This cleanup speaks well for those willing to give up a Saturday morning and cleaning up after others who litter.  It displays a demonstrable concern for our environment and gives the volunteer a warm feeling that they’ve done something good for our Rochester environment.  But I must say this is not the way we as a society should be running the place.  Cleaning up after those who don’t care to recycle or are too lazy to cart their discarded stuff to the proper place enables those who litter, creating a positive feedback scheme for this endless routine.   I recently spotted a sign on a Massachusetts highway that read: “$10,000 fine for littering.”  A couple of those hefty convictions, and those inclined to litter would cease doing it. 

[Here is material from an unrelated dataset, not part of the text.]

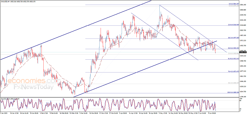 基本消息面 周四(6月15日),现货黄金维持日内跌势,金价现报1936美元/盎司附近。 根据cooi.co,随着金价确认跌破重要水平1945.20美元/盎司,这为金价进一步大跌铺平道路。 相关新闻消息 美联储周三维持联邦基金利率目标区间在5%-5.25%不变,符合此前预期。但美联储暗示年内将进一步加
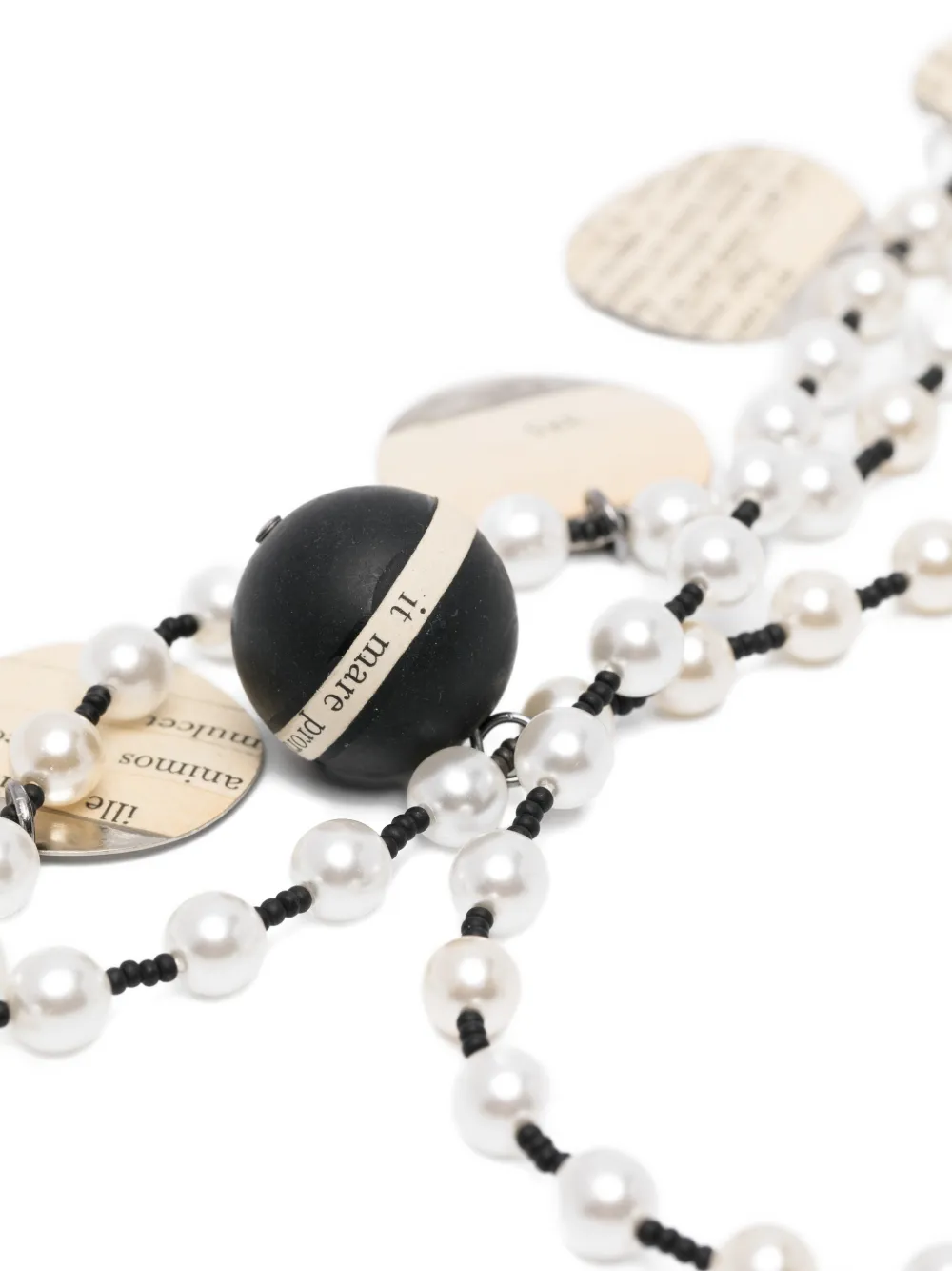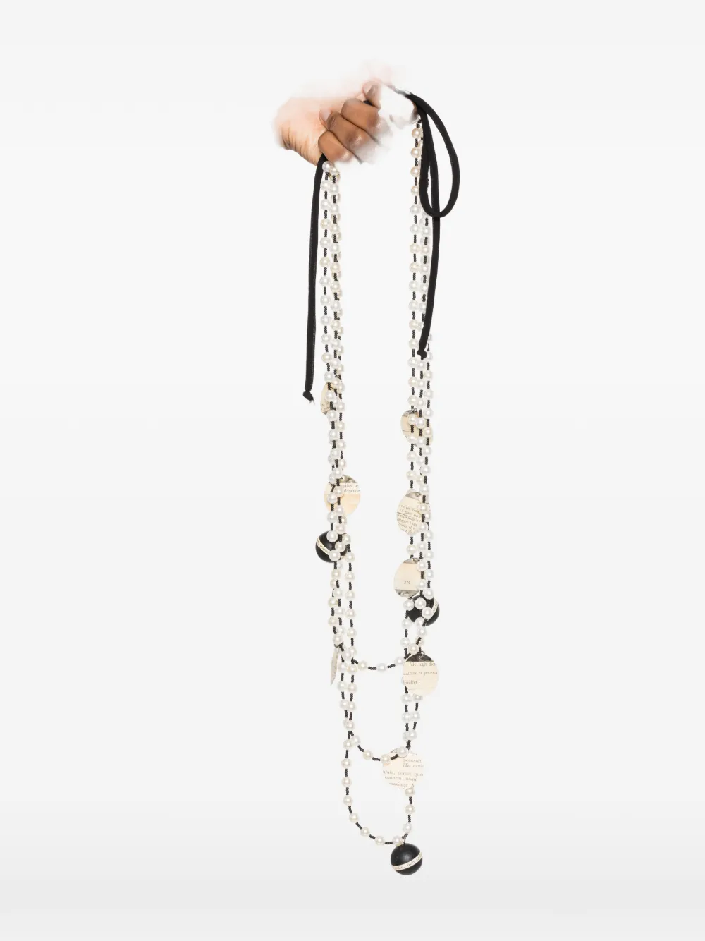 Черно-белая цепочка с бусинами, украшение в виде круглого диска, завязка

Ultimately, we’d like to see the public engaged in other efforts to help our environment besides cleaning up for those who don’t care.  If everyone cared about our environment (that which is keeping us alive and healthy), we would see these cleanup events come to a close because there would be no junk to pick up.  We’d be moving to the next level of sustainability: creating green jobs, integrating our economy with our environment, designing urban living space friendly to Earth and us.  We’d be a functional species done with trashing the place, moving forward. 

 But somehow I’m thinking these cleanup events probably won’t be coming to a close anytime soon. 

, Rochester Environmental News Examiner

Frank is the former chairperson of the Rochester Sierra Club, conservation chair and communications chair. He now is the webmaster of that group, and heads two committees: transportation and zero waste. Frank also volunteers for the Center for Environmental Information, writing grants, project...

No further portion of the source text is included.